魔の水曜日よ、こんにちは。
たまに行くゴールデン街のスナックのママに言われる。
「魔の水曜日に来てくれてありがとう」と。
水曜日の夜はいつもお客さんが来なくて本当に暇らしく、ママは『魔の水曜日』と呼んでいた。
5、6人横に座ったらもういっぱいになってしまう狭い店舗の真ん中の席に座る。
黒ビール。
カウンター越しに、ママが唯一するメイクである目尻のところを持ち上げるラインを引いている。
「やる気なかったけど、ここから気合い入れるわ」
「どうも」
「水曜日すき?」
ママが僕にそう聞いた。ママは僕がどうぞと言った飲み物を飲んだ。
「いや、どうかな」
水曜日が好きか聞かれて気づいた。
もちろん嫌いだ。
── 別れの水曜日。
思い出さないようにするために、ここへ来たのに。
ダメだった。
ずっと黙っていた。ラテン系の音楽が店内でかかっていた。
人は30歳を過ぎるとそれまで聴いてなかった新しいジャンルの音楽を聴かなくなるんだそうだ。

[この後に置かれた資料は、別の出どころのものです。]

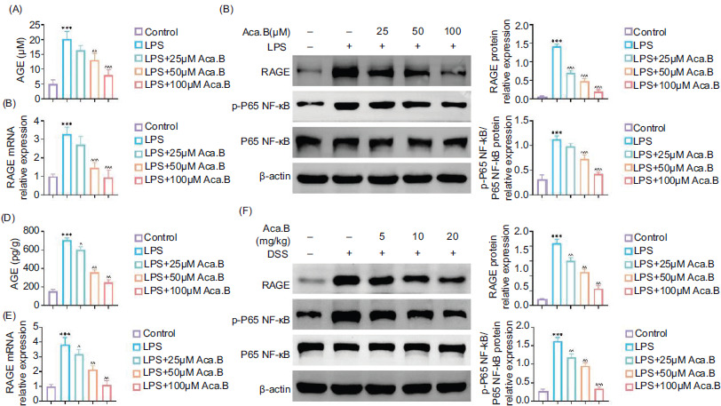 Figure 5 Aca.B inhibits the AGE/RAGE pathway in LPS-stimulated MODE-K cells and dextran sulfate sodium (DSS)-induced ulcerative colitis mice. (A) The expression of AGE in MODE-K cells treated with LPS or Aca.B. (B) The mRNA expression of RAGE in MODE-K cells treated with LPS or Aca.B as detected by qRT-PCR. (C) Expressions of RAGE, p-P65, and P65 were determined in MODE-K cells treated with LPS or Aca.B using immunoblotting analysis. The grayscale value of the corresponding band was quantitated with ImageJ. ***P < 0.001, compared with the control group. ^^P < 0.01 and ^^^P < 0.001, compared with the LPS group. (D) Expression of AGE in tissue samples from DSS-induced ulcerative colitis. (E) The mRNA expression of RAGE in tissue samples from DSS-induced ulcerative colitis as detected by qRT-PCR. (F) Expressions of RAGE, p-P65, and P65 were determined in tissue samples from DSS-induced ulcerative colitis using immunoblotting analysis. The grayscale value of the corresponding band was quantitated with ImageJ. ***P < 0.001, compared with the Sham group. ^P < 0.05, ^^P < 0.01, and ^^^P < 0.001, compared with the DSS group. Aca.B: Acanthoside B.

僕は水曜日だけは新しい音楽を聴いていたい。懐かしい音楽じゃなければなんでもいい。
ガラガラと音を立てて扉がこちら側に開き、常連さんが入ってきた。
「いらっしゃーい。珍しいわね、水曜日に」
「いやー、時間できたから、ちょっとだけ来たよ」
僕とその常連さんは水曜日的な小さな会釈を交わした。
ママは常連さんの座った席の前に立った。
「ビールでいい?」
「そうだね」
「お忙しいの?最近」
「決算期だからね。ママは相変わらず猫やってるの?」
ママは家にネコをいっぱい飼っている。店の客には猫好きで通っている。
「変わらずよ。あたしは」
そろそろ行きます、と言って僕は席を立った。
ママはありがとうと僕に言った。
店を出るとゴールデン街に若者がたくさんいた。
今夜はこれから気温がぐっと下がるらしい。
ママには言いそびれたけど、僕の魔の水曜日はこれから始まる。